Готово, подумал Тонино Иодиче, хозяин пиццерии. Он закончил подметать; на полу теперь не было ни крошки. Как будто никто здесь не ел, все как раньше. Они ушли к себе домой, к женам, к матерям. Они смеялись, пели, пили и пьянели от выпитого. И они платили справедливую цену. Кто-нибудь вернется. Кто знает, когда это случится и приведет ли он с собой еще кого-нибудь.
Если клиенты хорошо поели, они вернутся. А потом придут еще и еще.
«Тогда нам начнет немного везти, моя жена будет смотреть на меня с любовью, а мои дети с уважением, — думал Тонино. — Бог дал мне время. Если бы старуха осталась жива, у меня бы не было времени. Я должен был бы закрыть заведение, и тогда — ни свободы, ни детей, ни жены. Но она мертва. Сколько крови, Пресвятая Дева! Сколько крови!
Я не помню лестницу, не помню улицу. Бог не захотел, чтобы меня кто-то увидел. Мне жаль, очень жаль, что она умерла. Но теперь у меня есть время. Она умерла в крови, и у меня есть время. Я живу дальше и жду.
Жду, когда они придут меня забрать».
Ричарди вернулся на прежнее место и смотрел в окно. Энрика уже вымела все крошки до последней. Теперь кухня была такой же, как раньше, как будто никто там не ел.
Он смотрел на Энрику, пока она поворачивала голову, склоняла ее набок и вытирала ладони о свой фартук.
Вот оно: Энрика одобрительно кивает, вздыхает и берет пяльцы. Зажигает лампу рядом с креслом; от нее до окна всего один шаг. Начинает вышивать.
Ричарди задерживает дыхание. Медленно закрывает и снова открывает глаза. Его руки сложены, он дышит медленно. Энрика вонзает иглу в ткань.
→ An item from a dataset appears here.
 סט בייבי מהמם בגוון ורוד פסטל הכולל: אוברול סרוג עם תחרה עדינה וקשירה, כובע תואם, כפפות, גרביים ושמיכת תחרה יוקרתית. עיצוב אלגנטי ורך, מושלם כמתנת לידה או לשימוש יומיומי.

«Никто в мире не будет любить тебя так, как люблю я. Я, который не говорит с тобой. Ты меня не видишь, но я охраняю тебя. Так делает мужчина, который любит молча, как я».
На лестнице управления призрак убитого полицейского зовет жену и говорит «как больно». В темной квартире на третьем этаже, в квартале Санита, фигура убитой старухи повторяет свою поговорку.
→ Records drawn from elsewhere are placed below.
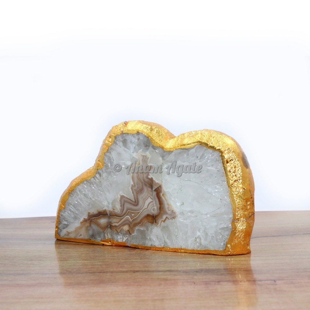 Yellow Agate Gold Electroplated Clock with Stand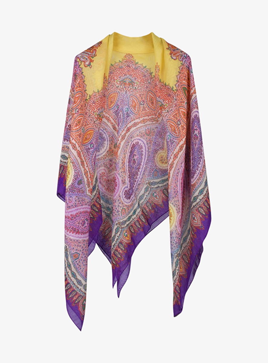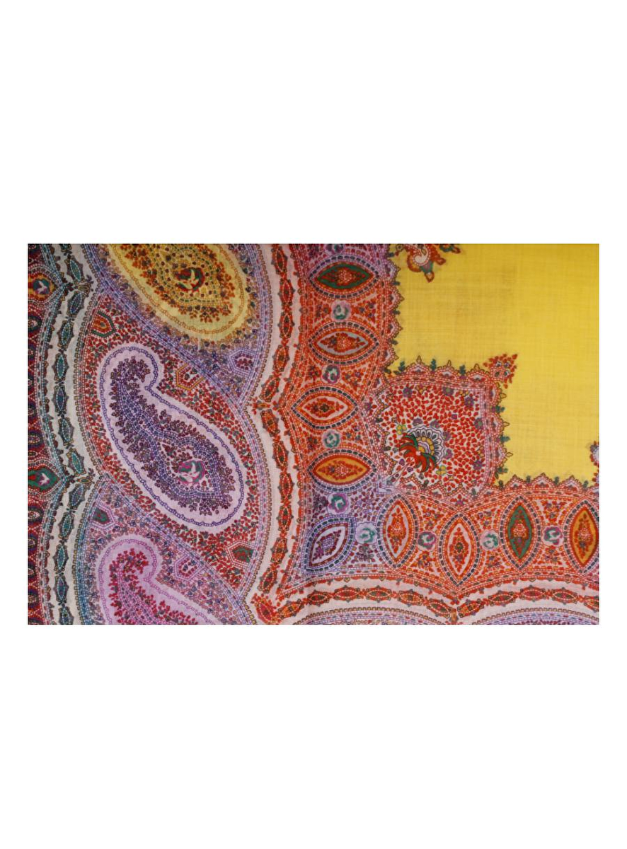 Detail: helder geel en paarse kleuren - paisley dessin.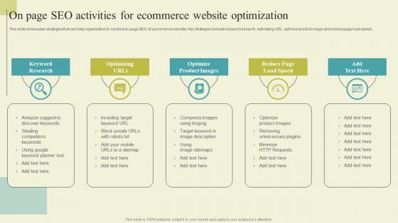 This slide showcases strategies that can help organization to conduct on page SEO of ecommerce website. Key strategies include keyword research, optimizing URL, optimize product image and reduce page load speed. Presenting this PowerPoint presentation, titled Successful Guide For Ecommerce Promotion On Page Seo Activities For Ecommerce Elements Pdf, with topics curated by our researchers after extensive research. This editable presentation is available for immediate download and provides attractive features when used. Download now and captivate your audience. Presenting this Successful Guide For Ecommerce Promotion On Page Seo Activities For Ecommerce Elements Pdf. Our researchers have carefully researched and created these slides with all aspects taken into consideration. This is a completely customizable Successful Guide For Ecommerce Promotion On Page Seo Activities For Ecommerce Elements Pdf that is available for immediate downloading. Download now and make an impact on your audience. Highlight the attractive features available with our PPTs. This slide showcases strategies that can help organization to conduct on page SEO of ecommerce website. Key strategies include keyword research, optimizing URL, optimize product image and reduce page load speed.

Ричарди смотрит на Энрику, которая вышивает.
Мертвые кажутся живыми, а живые мертвыми.
Лючия Майоне любила спать с открытыми ставнями и задернутыми занавесками. Это была одна из тех привычек, которые она мысленно называла «появившимися после»: Лючия хотела каждую секунду видеть небо.
«После» пропали ее улыбка, желание смеяться и любовь к морю. Она делила свою жизнь на «до» и «после» смерти сына.